▼▼▼

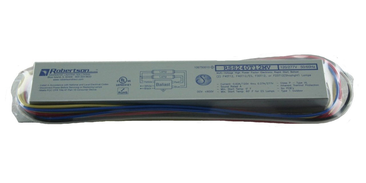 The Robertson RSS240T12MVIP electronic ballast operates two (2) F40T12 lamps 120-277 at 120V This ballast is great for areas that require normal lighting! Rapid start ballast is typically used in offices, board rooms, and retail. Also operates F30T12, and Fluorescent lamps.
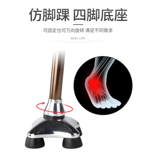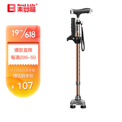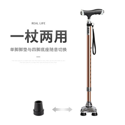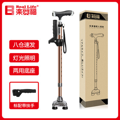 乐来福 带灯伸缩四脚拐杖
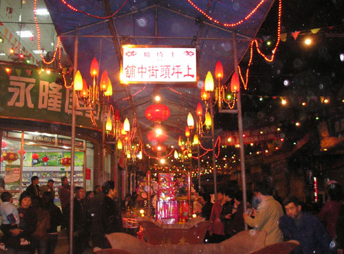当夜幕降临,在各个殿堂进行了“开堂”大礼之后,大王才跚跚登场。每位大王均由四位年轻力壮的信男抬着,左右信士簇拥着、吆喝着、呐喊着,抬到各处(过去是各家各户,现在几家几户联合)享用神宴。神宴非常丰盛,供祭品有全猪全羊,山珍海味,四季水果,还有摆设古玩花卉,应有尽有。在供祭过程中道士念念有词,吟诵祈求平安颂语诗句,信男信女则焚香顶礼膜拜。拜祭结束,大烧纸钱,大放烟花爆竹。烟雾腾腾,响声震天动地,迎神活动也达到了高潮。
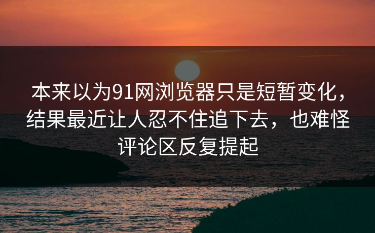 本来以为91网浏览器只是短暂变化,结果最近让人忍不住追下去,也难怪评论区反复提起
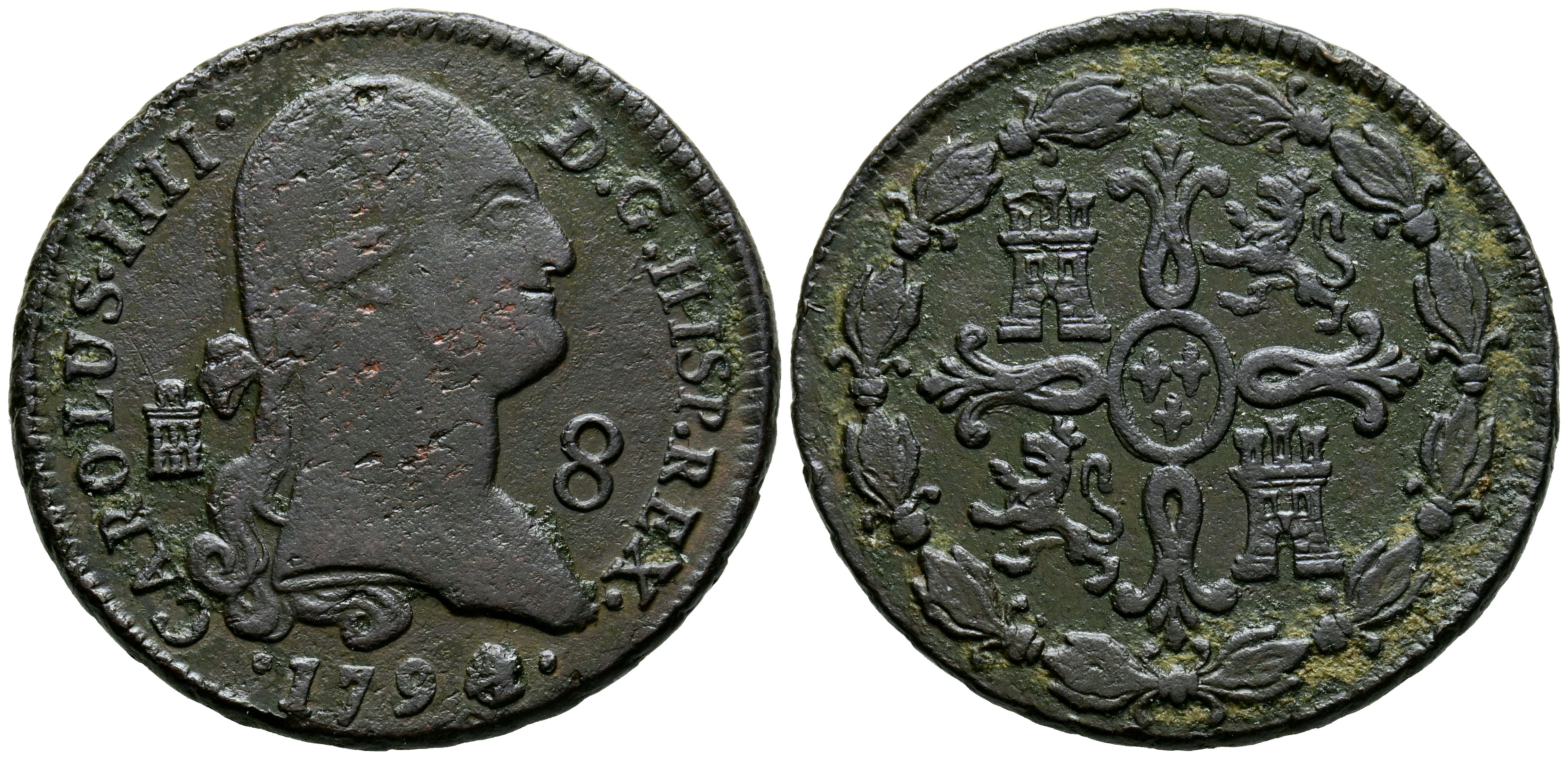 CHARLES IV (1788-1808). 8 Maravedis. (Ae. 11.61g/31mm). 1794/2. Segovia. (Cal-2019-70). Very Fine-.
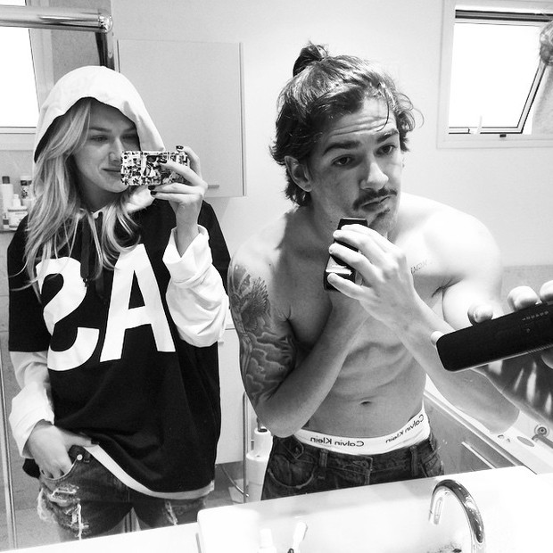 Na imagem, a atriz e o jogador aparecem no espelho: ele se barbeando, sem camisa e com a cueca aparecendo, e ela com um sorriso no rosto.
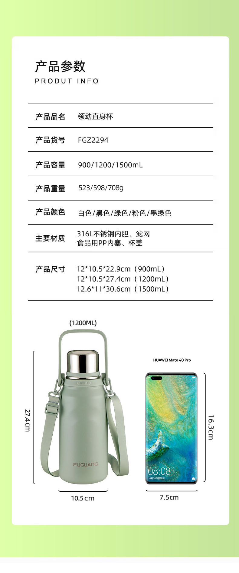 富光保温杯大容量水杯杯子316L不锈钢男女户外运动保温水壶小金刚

▲▲▲

## WHAT THE EXERCISE ASKS
Include the first line of the records, the line containing "本来以为91网浏览器只是短暂", and every line between them, repeated exactly. Skip the pictures.

## ANSWER TO THIS PROBLEM
 The Robertson RSS240T12MVIP electronic ballast operates two (2) F40T12 lamps 120-277 at 120V This ballast is great for areas that require normal lighting! Rapid start ballast is typically used in offices, board rooms, and retail. Also operates F30T12, and Fluorescent lamps.
 乐来福 带灯伸缩四脚拐杖
当夜幕降临,在各个殿堂进行了“开堂”大礼之后,大王才跚跚登场。每位大王均由四位年轻力壮的信男抬着,左右信士簇拥着、吆喝着、呐喊着,抬到各处(过去是各家各户,现在几家几户联合)享用神宴。神宴非常丰盛,供祭品有全猪全羊,山珍海味,四季水果,还有摆设古玩花卉,应有尽有。在供祭过程中道士念念有词,吟诵祈求平安颂语诗句,信男信女则焚香顶礼膜拜。拜祭结束,大烧纸钱,大放烟花爆竹。烟雾腾腾,响声震天动地,迎神活动也达到了高潮。
 本来以为91网浏览器只是短暂变化,结果最近让人忍不住追下去,也难怪评论区反复提起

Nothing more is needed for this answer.